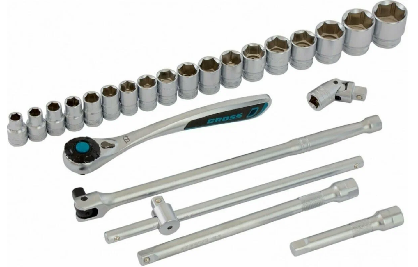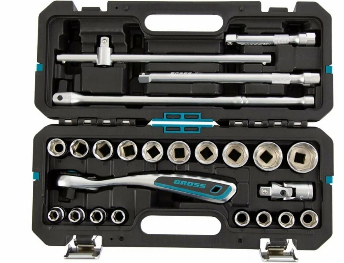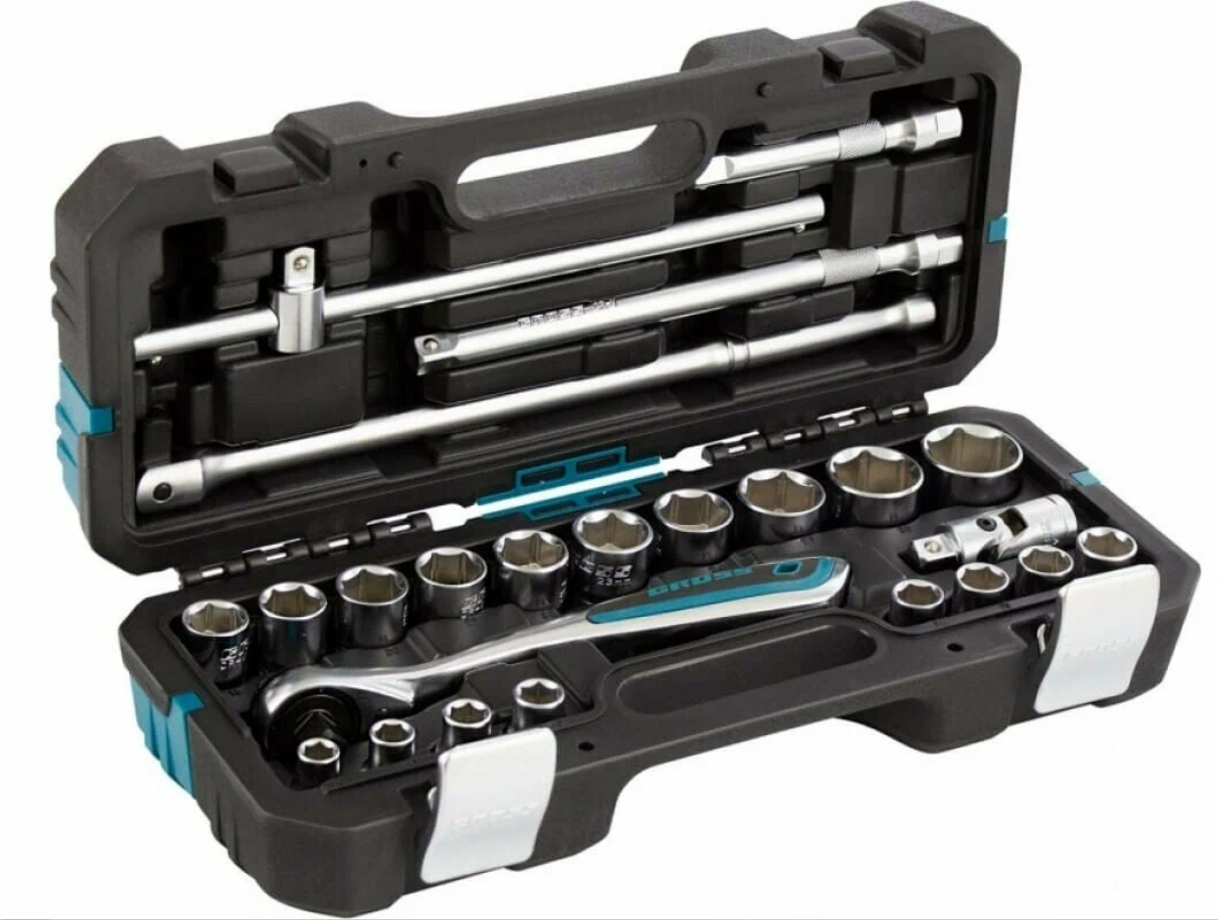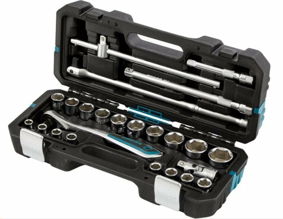 С трещоткой: есть; Гаечные ключи: нет; Шарнирно-губцевые инструменты: нет; Тип: набор инструментов; Головки: есть; Отвертки: нет; Кейс (сумка) в комплекте: есть; Количество предметов: 24;
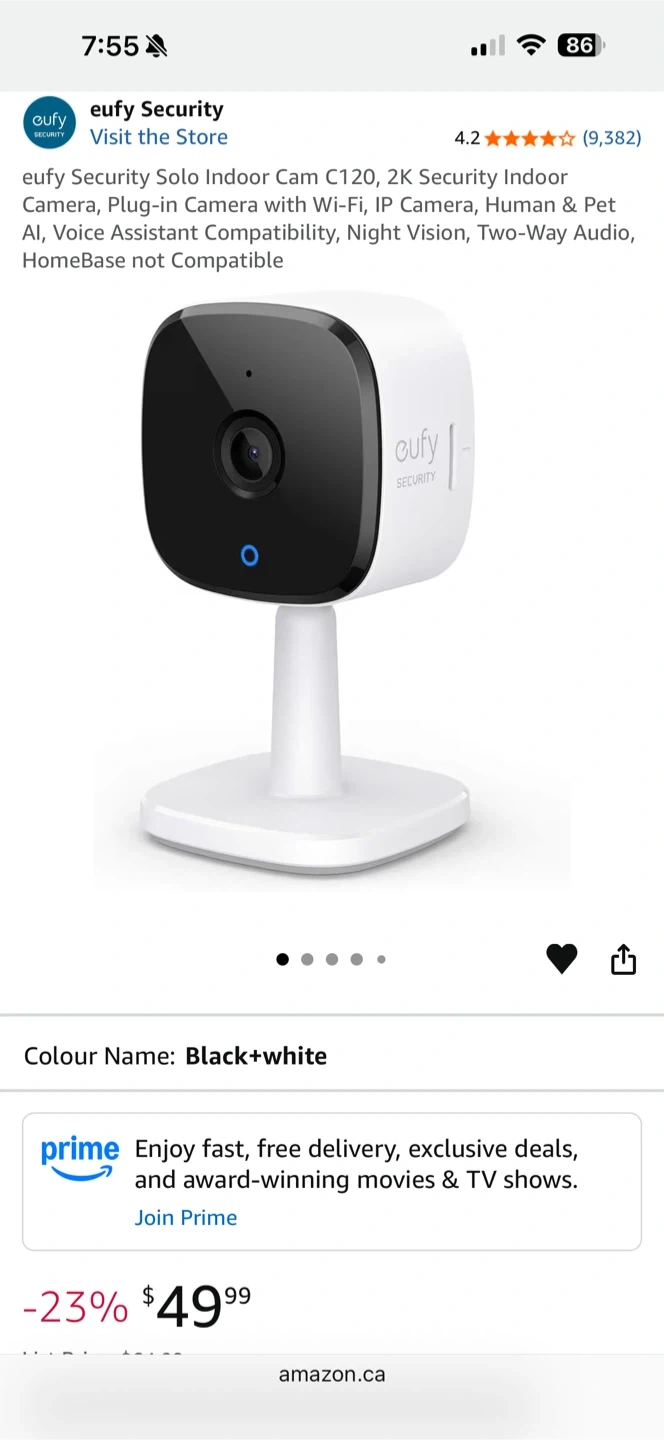 This is an eufy Security Solo Indoor Cam C120 with 2K resolution. It features on-device AI technology for human and pet detection. The camera works with Apple HomeKit and supports 24/7 recording. It's a plug-in camera with Wi-Fi and IP connectivity. Selling it as I am moving and no longer need it.
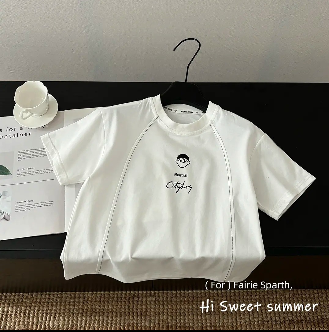 [헤비솔로나] 시원한 면 T 여름 아동 반팔 티셔츠 아동복 다재다능하고 스타일리시한 한국판 엄선스토어 가기
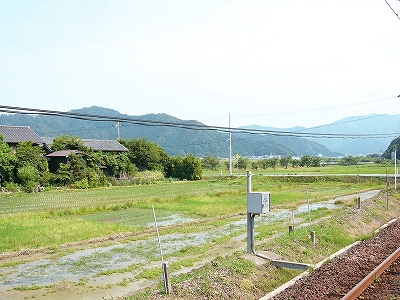 急に一人もいなくなった。有田というだけあって、山向こうまで水田が広がっている。見えない川に沿ってできた平野なので、横長の風景であった。鉄路もこの地形に沿っているというわけだ。山々を見やると、ところどころ禿げていた。待合室は暗く、元からある据え付け椅子のほか、水色の私設のぼろぼろの長椅子が置いてある。だれか一人の有力者がそれを置いたにもかかわらず、異議なくそのままにされていることから、
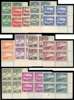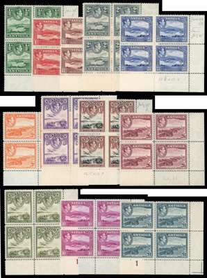 1938-51 set of twelve in lower right corner Plate blocks of four, all from unnumbered Plates sae for the 10/- and £1, unmounted o.g. Some with printing dates on the selvedge. SG 98-109, £520

• • • • • • •

_Directions_
Reproduce each line of the records exactly, and omit every picture.

_Solved problem_
 С трещоткой: есть; Гаечные ключи: нет; Шарнирно-губцевые инструменты: нет; Тип: набор инструментов; Головки: есть; Отвертки: нет; Кейс (сумка) в комплекте: есть; Количество предметов: 24;
 This is an eufy Security Solo Indoor Cam C120 with 2K resolution. It features on-device AI technology for human and pet detection. The camera works with Apple HomeKit and supports 24/7 recording. It's a plug-in camera with Wi-Fi and IP connectivity. Selling it as I am moving and no longer need it.
 [헤비솔로나] 시원한 면 T 여름 아동 반팔 티셔츠 아동복 다재다능하고 스타일리시한 한국판 엄선스토어 가기
 急に一人もいなくなった。有田というだけあって、山向こうまで水田が広がっている。見えない川に沿ってできた平野なので、横長の風景であった。鉄路もこの地形に沿っているというわけだ。山々を見やると、ところどころ禿げていた。待合室は暗く、元からある据え付け椅子のほか、水色の私設のぼろぼろの長椅子が置いてある。だれか一人の有力者がそれを置いたにもかかわらず、異議なくそのままにされていることから、
 1938-51 set of twelve in lower right corner Plate blocks of four, all from unnumbered Plates sae for the 10/- and £1, unmounted o.g. Some with printing dates on the selvedge. SG 98-109, £520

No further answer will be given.